Public Type OptionalLong
  Has As Boolean
  Value As Long
End Type

and a class containing it

' Class OptionalValueHolder
Private mValue As OptionalLong

' Setters and getters
Public Property Get Value() As OptionalLong
  Value = mValue
End Property

' Setters and getters
Public Property Let Value(ByRef Value As OptionalLong)
  mValue = Value
End Property

and try to use this class

Public Sub TestClass()
  Dim ValueHolder As New OptionalValueHolder

  ValueHolder.Value.Has = True  ' This does nothing
  ValueHolder.Value.Value = 42  ' Neither does this
End Public

then the intuitive way of using it does absolutely nothing because you are modifying a clone that instantly goes out of scope after the assignment. This means that to use UDT’s in classes you have to either modify a copy and then replace the class’ members all at once, or you have to make setters and getters for all of your UDT’s members, meaning you might as well just have individual class members. They do however have a use in classes as we will see in the next post.

Other problems

Finally I will summarise some additional issues that do not get their own section

  1. Probably the most unintuitive array indexing system I have ever seen. Arrays can be 0-indexed, 1-indexed, or any number you want really. This can also be specified on a module by module basis, but for instance specifying a 0-indexed module does not mean that you get 0-indexed arrays in the way you are familiar with

    ' Great, let's use 0-indexed arrays
    Option Base 0
    
    ' This array has 6 elements because the indices are inclusive
    Dim Arr(5) As Long
    

    On top of this the standard libraries aren’t even consistent with whether they return 0-indexed or 1-indexed results.

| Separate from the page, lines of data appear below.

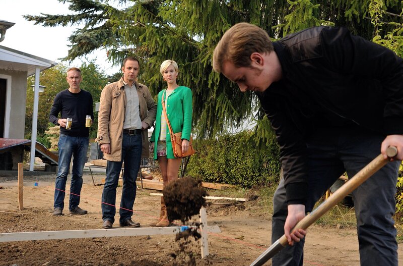 Gunnar Siebert (Daniel Drewes, l.), Hauptkommissar Paul Kleinert (Felix Eitner, 2.v.l.) und Klara (Wolke Hegenbarth, 2.v.r.) beobachten Jonas Wolter (Jan Niklas Berg, r.), der auf Mechtersheim Grundstück nach der Leiche von Mechtersheim gräbt.
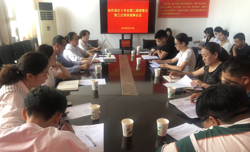 2024年6月14日,裕民县红十字会第二届理事会第三次常务理事会议在县人大办三楼会议室召开。本次会议由第二届理事会常务理事、第一届监事会监事、各乡镇分管领导、纪委监委派驻组领导各1名,共计27名,县红十字会全体干部(列席)参会,县红十字会常务副会长蒋素蓉主持会议。首先,传达学习了习近平总书记关于群团工作的重要指示精神。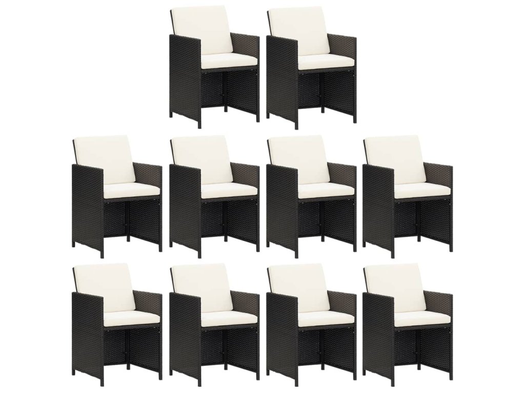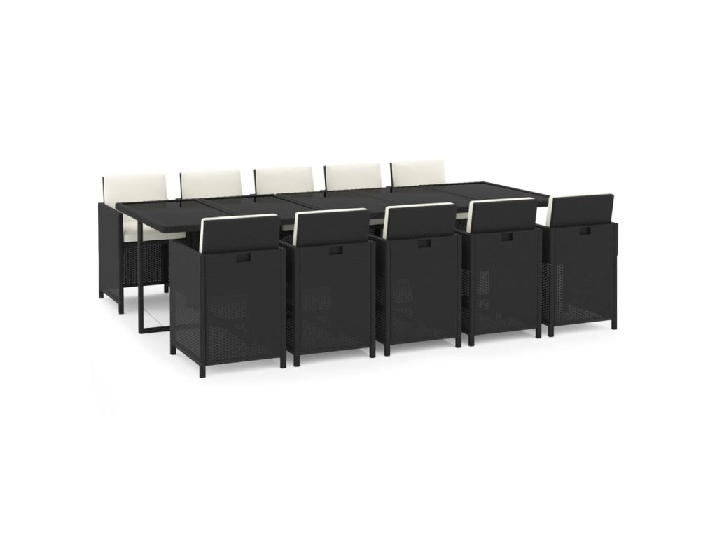 11dílný zahradní jídelní set s poduškami polyratan černý 3095584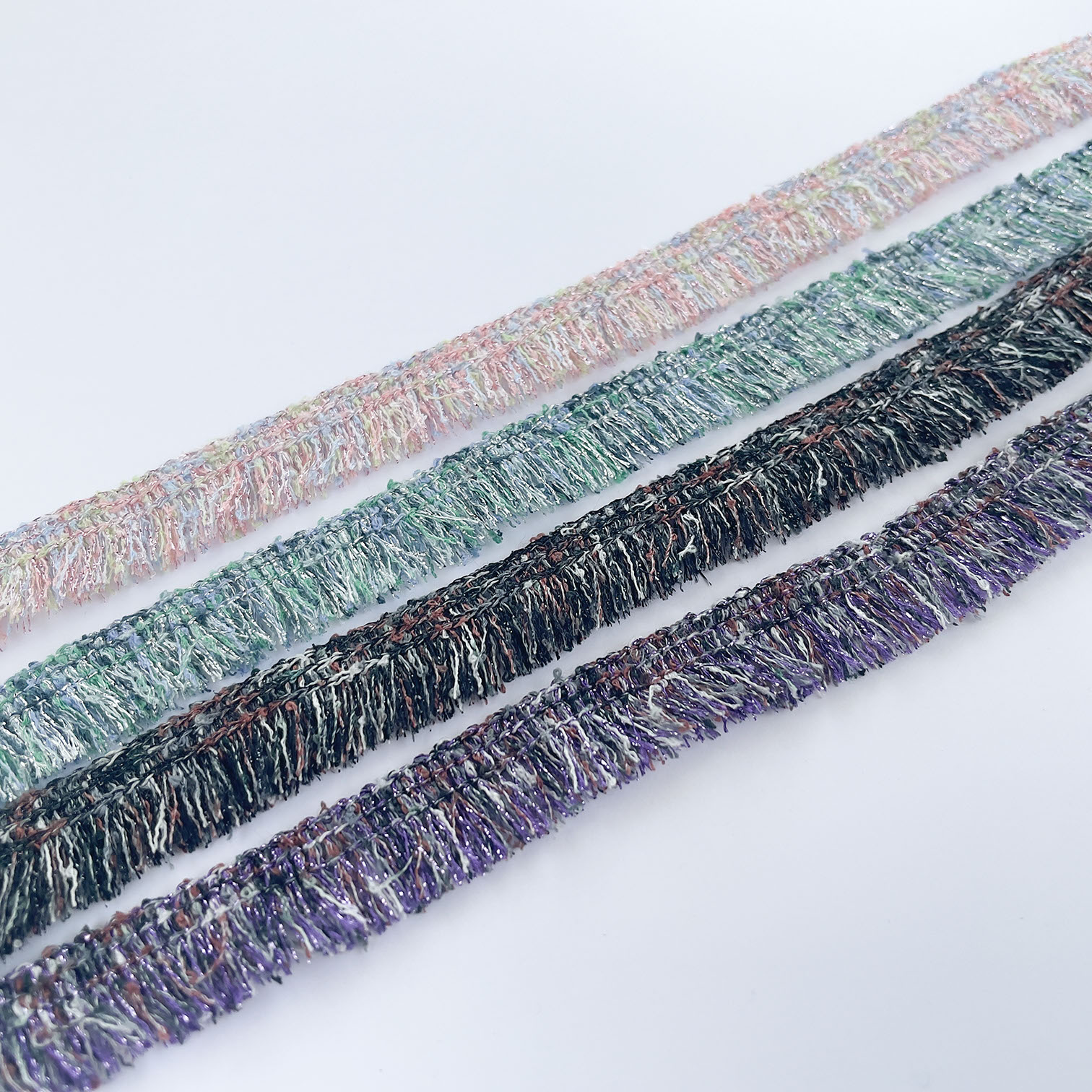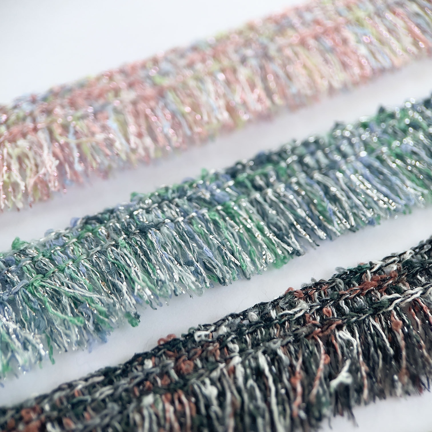 アクリル・ポリエステル・ナイロンという、異素材で色も異なる糸を曳き揃えてフリンジを作成しました。

Worksheet.Range(...).Value is 1-indexed while VBA.Split() is 0-indexed.

  2. Constructors take no arguments, and there is no way of creating a constructor that takes one without using factory methods. Wait for the next post to see how this can be done.

    A side effect of not allowing constructors take arguments is that it makes writing well encapsulated code sort of difficult as you have to write public helper functions that affect the private internals of a class after its construction.

  3. The error handling exists but really hard to work with. The only way of actually controlling it is through goto’s, believe it or not. It is actually so bad that one will frequently find code on SO where the programmer rather turns the error handler off rather than having to actually handle the errors “the correct way”.

Wrap-up

In this post we have seen some of the issues with VBA that lay the foundation for the various coding patterns I will present in the next post. Although this seems like a long list, it has nothing compared to javascript, and that is one of the most used languages in the world these days. If they can find ways to make that language usable, then there is hope for making VBA usable as well.

  1. Although forgetting Set is probably my most common mistake, bundled together with the fact that there isn’t really any way of finding these mistakes other than stepping through your code with a debugger. 

  2. I would argue that using a default member that doesn’t take any arguments is in general a really bad idea as it makes your code harder to read. It signals that you want your class to be something it is not. There is a reason this was removed from .NET.